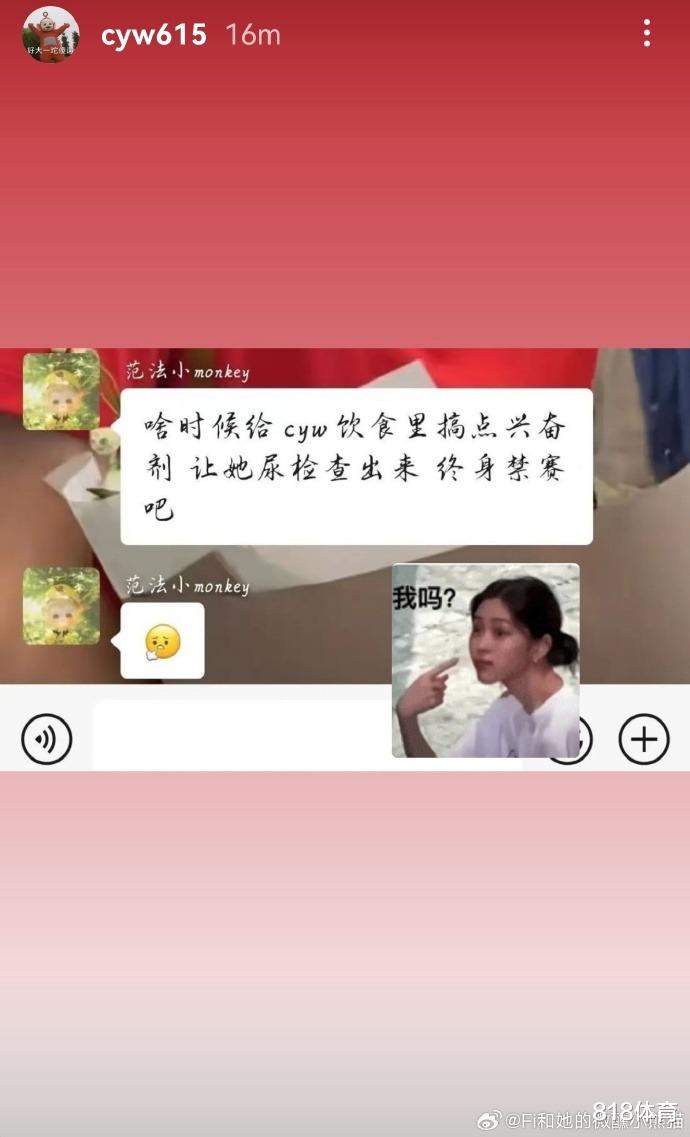 陈艺文还晒出了一条聊天记录,“啥时候给cyw(陈艺文名字缩写)饮食里搞点兴奋剂,让她尿检查出来,终身禁赛吧!”
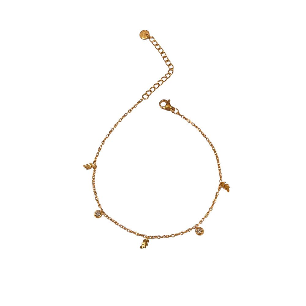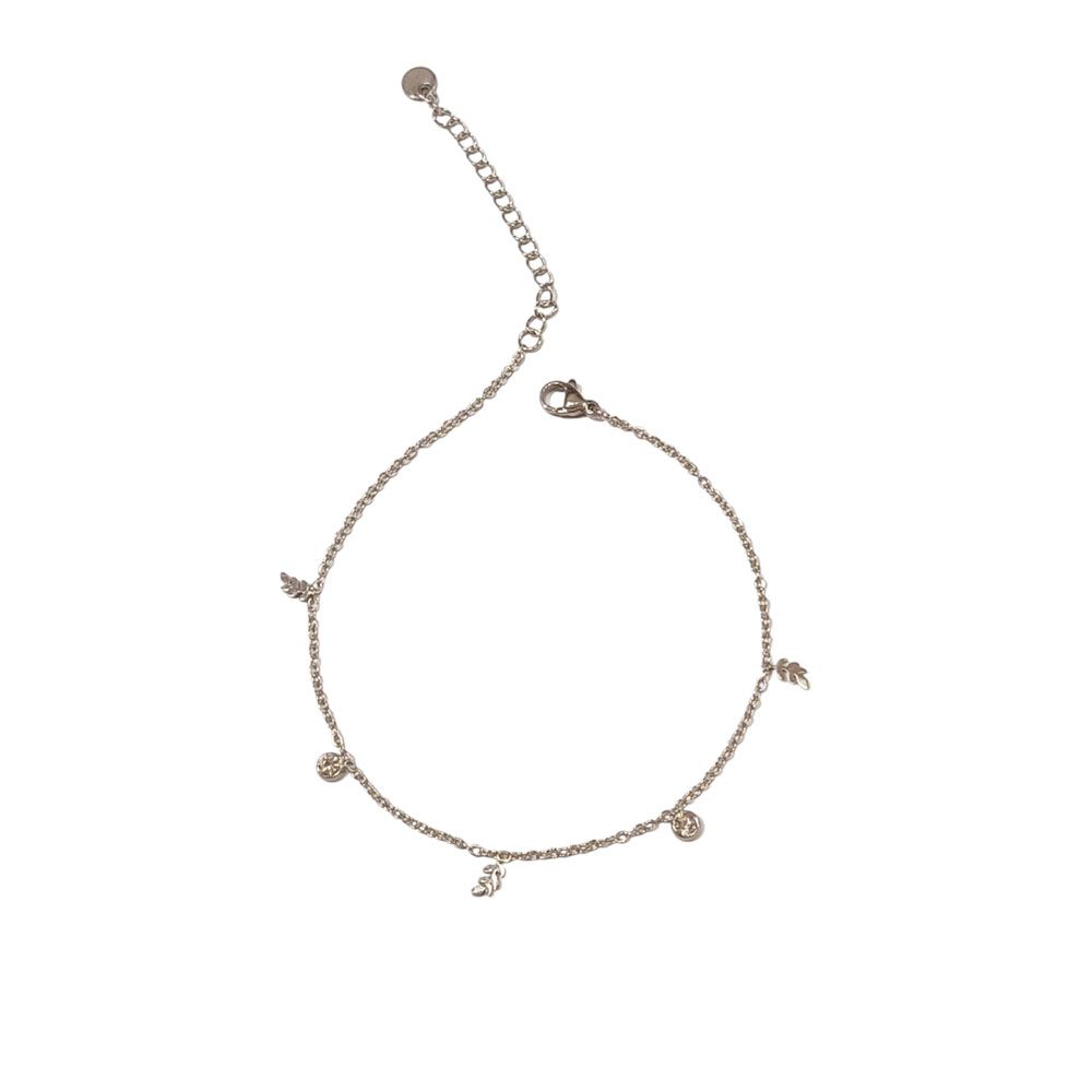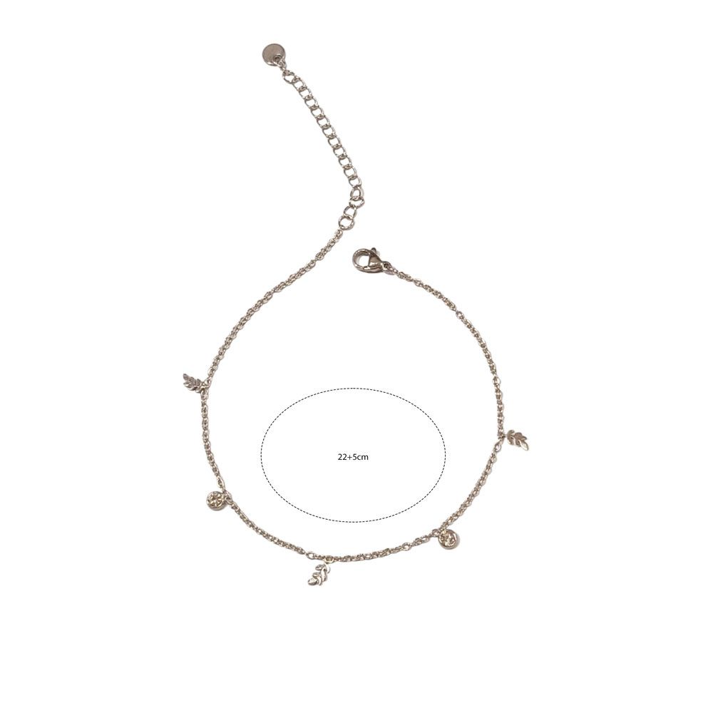 • βραχιόλι ποδιού με φύλλα και ζιρκόν σε χρυσό & ασημί - ΑσημίA12192
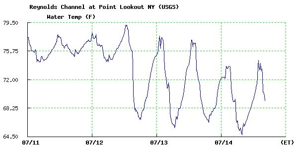 Here, it shows how temperatures took a dive the middle of this week … in terms of the twice-daily cycles you see, at this time of year, the minima reflect the cool ocean water coming into the inlet, while the maxima reflect the warm inland waters when the tides run out to sea.
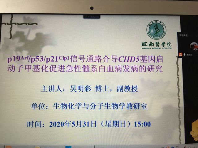 为普及基础医学专业知识,拓展临床学子思维,提升公司员工科研思考能力,丰富疫情期间员工课余生活,5月31日15时,suncitygroup太阳新城邀请吴明彩博士在线上作题为“p19Arf/p53/p21Cip1信号通路介导CHD5基因启动子甲基化促进急性髓系白血病发病的研究”的讲座。suncitygroup太阳新城各个年级“大创项目”主持人以及在实验室学习的同学们参加了此次讲座。
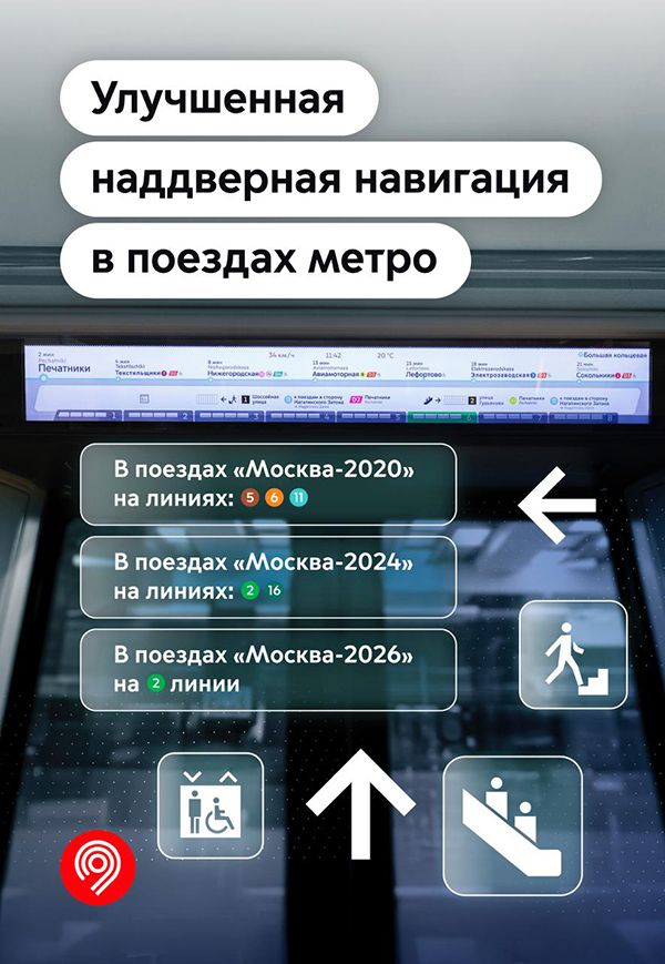 В этом году улучшенная наддверная навигация появится во всех поездах Рублево-Архангельской линии метро. Она станет шестой по счету, где будет применяться эта технология. Сейчас ею оснащены все составы модификации «Москва-2020», «Москва-2024» и «Москва-2026». Больше таких поездов станет и на Замоскворецкой линии.
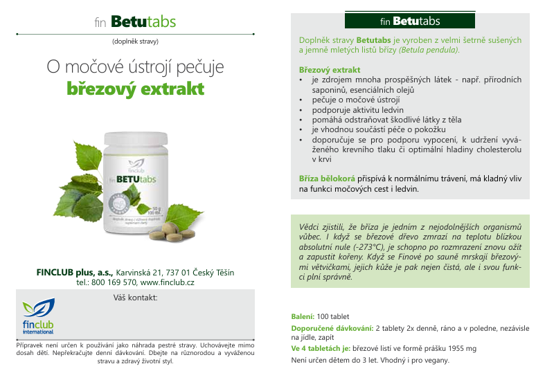 Betutabs pozitivně pečuje o naše močové ústrojí, aktivně podporuje ledviny. Je vyroben ze sušených namletých listů břízy. Pomáhá odstraňovat škodlivé látky z těla, pečuje o naši pokožku a pomáhá též udržovat vyváženou hladinu krevního tlaku a optimální hladiny cholesterolu v krvi.
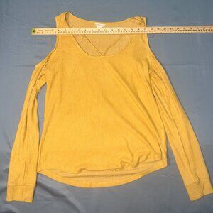 Aeropostale Mustard Yellow Cold Shoulder Long Sleeve Ribbed Shirt - Size M
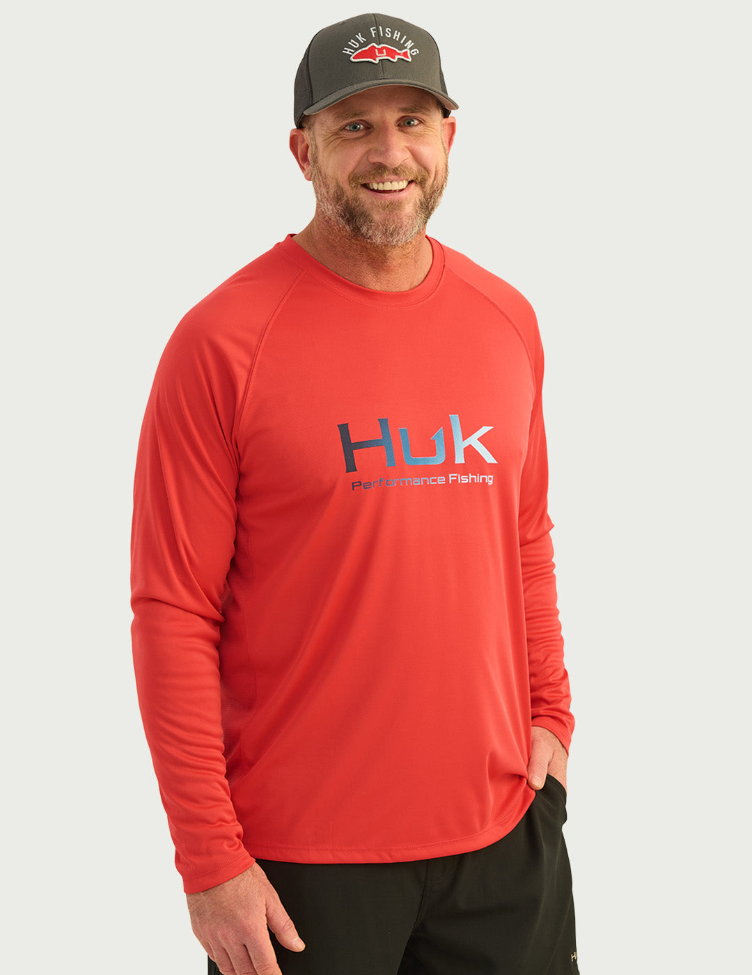 Gather your gear for the fishing trip with the Huk Men's Vented Pursuit Long Sleeve Graphic T-shirt. The polyester material provides a comfortable feel, while the graphic design offers a stylish look.
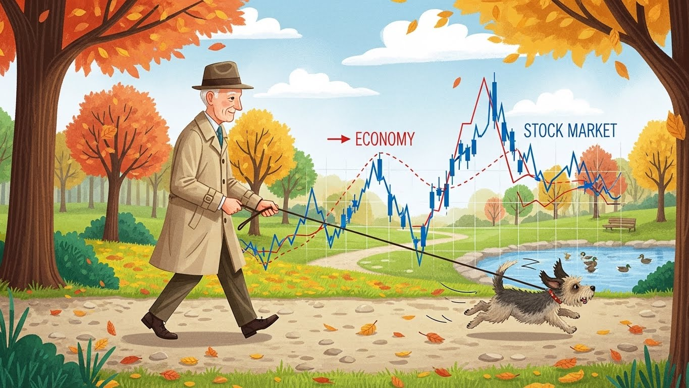 핵심 통찰: "경제와 주식 시장의 관계는 산책하러 나온 주인과 개와 같다." 주인(실물 경제)은 목표 지점을 향해 묵묵히 걸어갑니다. 하지만 개(주가)는 주인을 앞서거니 뒤서거니 하며 잠시도 가만히 있지 않습니다. 때로는 주인보다 너무 멀리 앞서가고(버블), 때로는 너무 뒤처지기도 합니다(폭락). 하지만 중요한 것은 "개는 결국 주인의 곁으로 돌아온다"는 사실입니다. 초보자는 개(주가)의 움직임만 보고 일희일비하지만, 고수는 주인(경제의 펀더멘털)이 어디로 가고 있는지를 봅니다.
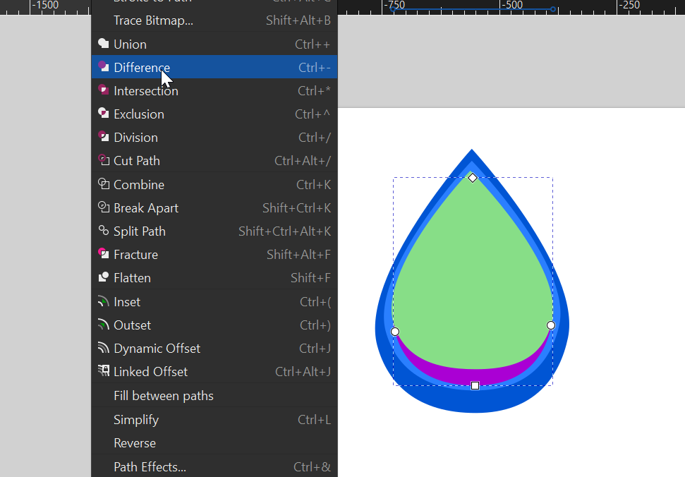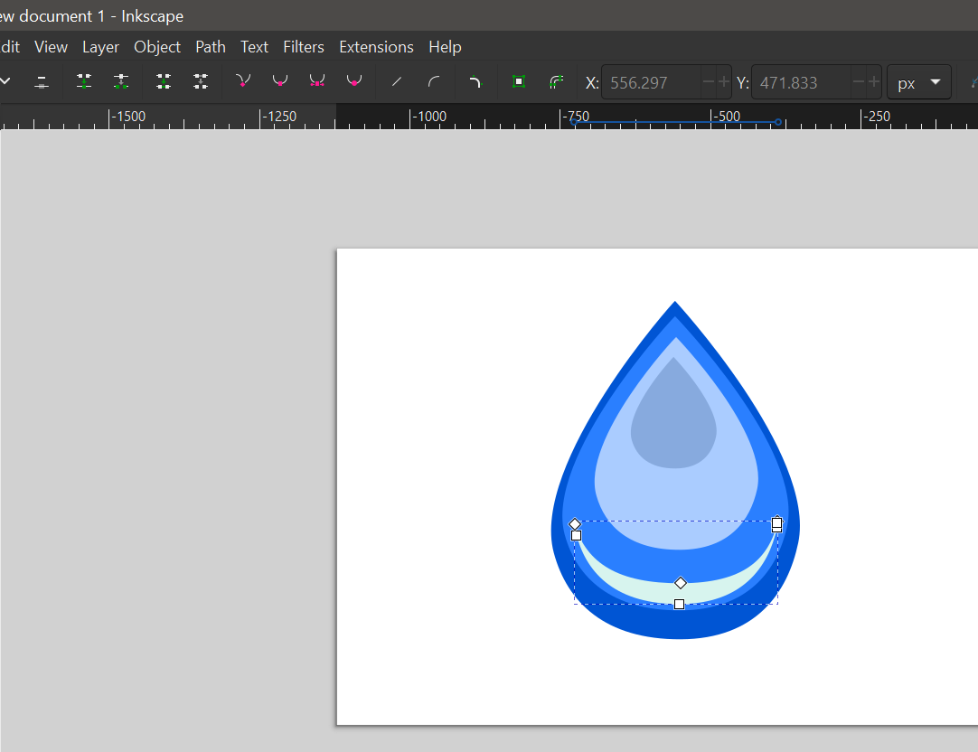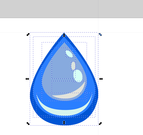 To create the white highlight inside the drop, I duplicated the same shape multiple times. To get the inner white curved space, I used Path → Difference to subtract one shape from another, leaving the white space.
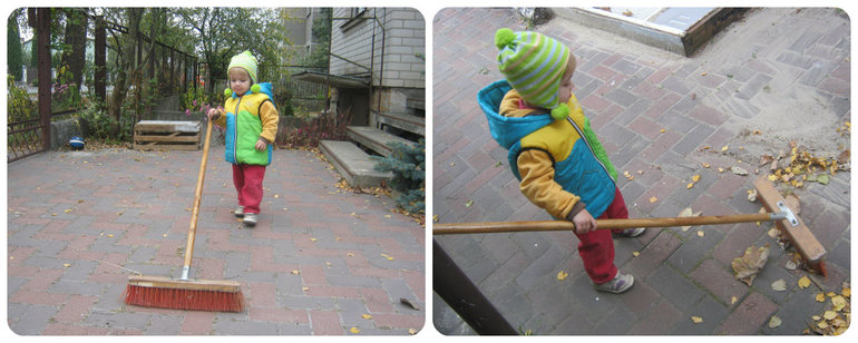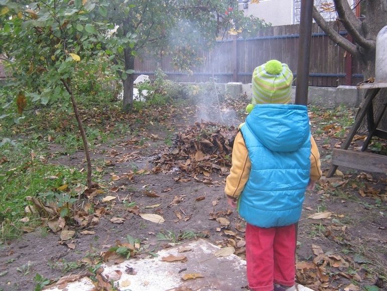 Поучаствовала в осенних работах, помогала подметать двор и смотрела как горят листья.

+ + + + + + +

== WHAT IS REQUIRED ==
Look above for the line with "Here, it shows" and the line with "为普及基础医学专业知识,拓展". Copy them and every line between, exactly, but no pictures.

== COMPLETED EXERCISE ==
 Here, it shows how temperatures took a dive the middle of this week … in terms of the twice-daily cycles you see, at this time of year, the minima reflect the cool ocean water coming into the inlet, while the maxima reflect the warm inland waters when the tides run out to sea.
 为普及基础医学专业知识,拓展临床学子思维,提升公司员工科研思考能力,丰富疫情期间员工课余生活,5月31日15时,suncitygroup太阳新城邀请吴明彩博士在线上作题为“p19Arf/p53/p21Cip1信号通路介导CHD5基因启动子甲基化促进急性髓系白血病发病的研究”的讲座。suncitygroup太阳新城各个年级“大创项目”主持人以及在实验室学习的同学们参加了此次讲座。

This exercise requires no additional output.